Solution description:

1. Collect social media information related to each candidate: For this example the main source is Twitter.

2. Extract sentiment for each Candidate from the Twitter posts collected previously.

Implementation:

For a quick implementation I decided to use python, but I'll definitely post a C# version as well.

Code:

1. Twitter Client code:

The code is pretty basic, I'm streaming the posts to a text file in son, by applying a list of filters; the names of the candidates I've decided to include:

#Import the necessary methods from tweepy library
from tweepy.streaming import StreamListener
from tweepy import OAuthHandler
from tweepy import Stream

#Variables that contains the user credentials to access Twitter API 
access_token = "{your access token}"
access_token_secret = "{your access token secret}"
consumer_key = "{your consumer key}"
consumer_secret = "{your consumer secret}"

class StdOutListener(StreamListener):

    def on_data(self, data):
        print data
        return True

    def on_error(self, status):
        print status


if __name__ == '__main__':
#This handles Twitter authentication and the connection to Twitter Streaming API
    l = StdOutListener()
    auth = OAuthHandler(consumer_key, consumer_secret)
    auth.set_access_token(access_token, access_token_secret)
    stream = Stream(auth, l)

    #This line filter Twitter Streams to capture data by the keywords: 
    stream.filter(track=['Marine Le Pen', 'Francois Fillon', 'Emmanuel Macron', 'Benoit Hamon','Jean-Luc Melenchon'])

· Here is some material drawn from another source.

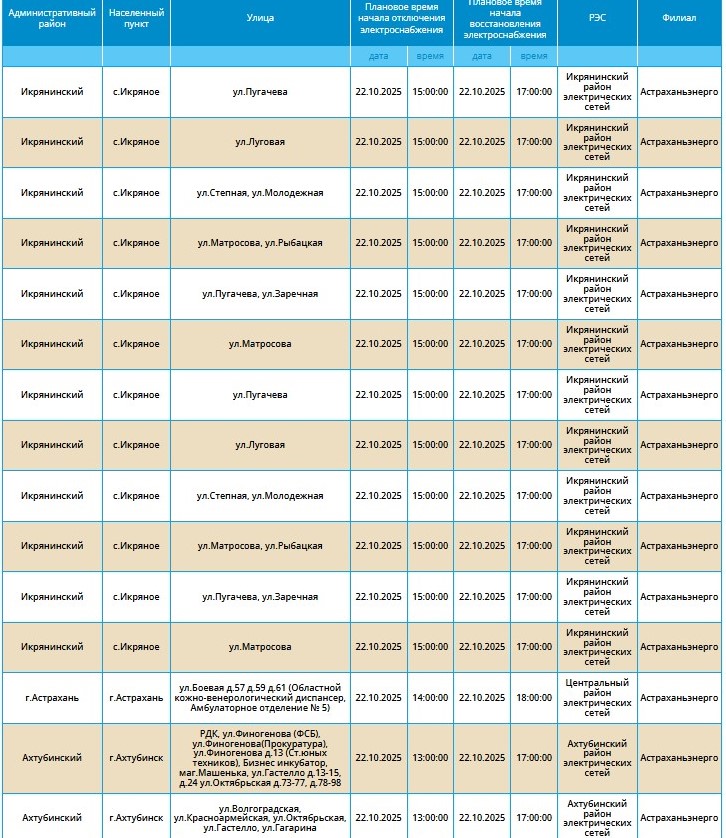 Массовые перебои в электроснабжении продолжатся и в среду. 22 октября отключение света грядет в ряде населенных пунктов Астраханской области. Astrakhanpost.ru выяснил, какие из них попали в число «счастливчиков».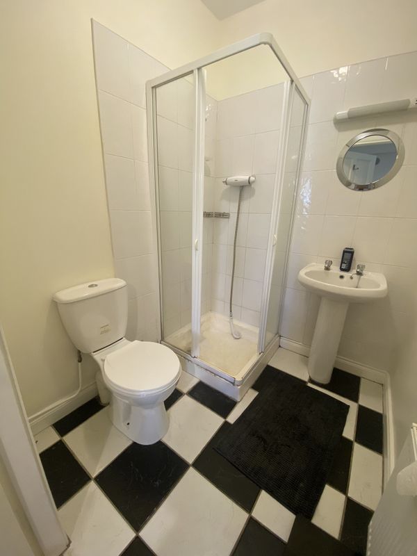 Generous en-suite with ceramic floor and part wall tiling, white sanitary ware, light fitting, shaver light and wall mounted mirror.

I run this code by using this command and I leave it for multiple hours or even days to collect as much twits as possible:
python TwitterClientVersion2.py > stream_2017_03_28.txt

2. Microsoft Sentiment Analytics:

At the time I'm writing this post a series of Rest Service are available for free it is call MS Cognitive Service, this API encapsulate the intelligent algorithms (mainly artificial intelligence) for:
1.  Vision
2. Speech: Recognition..
3. Language: Language understanding, language recognition, Text Analytics,....
4. Knowledge
5. Search

In this post we'll be using the Text Analytics API to calculate post sentiments:
This API will send a sentiment score (number between 0 and 1), it has some limitation in the number of requests (1000 documents per request) and size of each document.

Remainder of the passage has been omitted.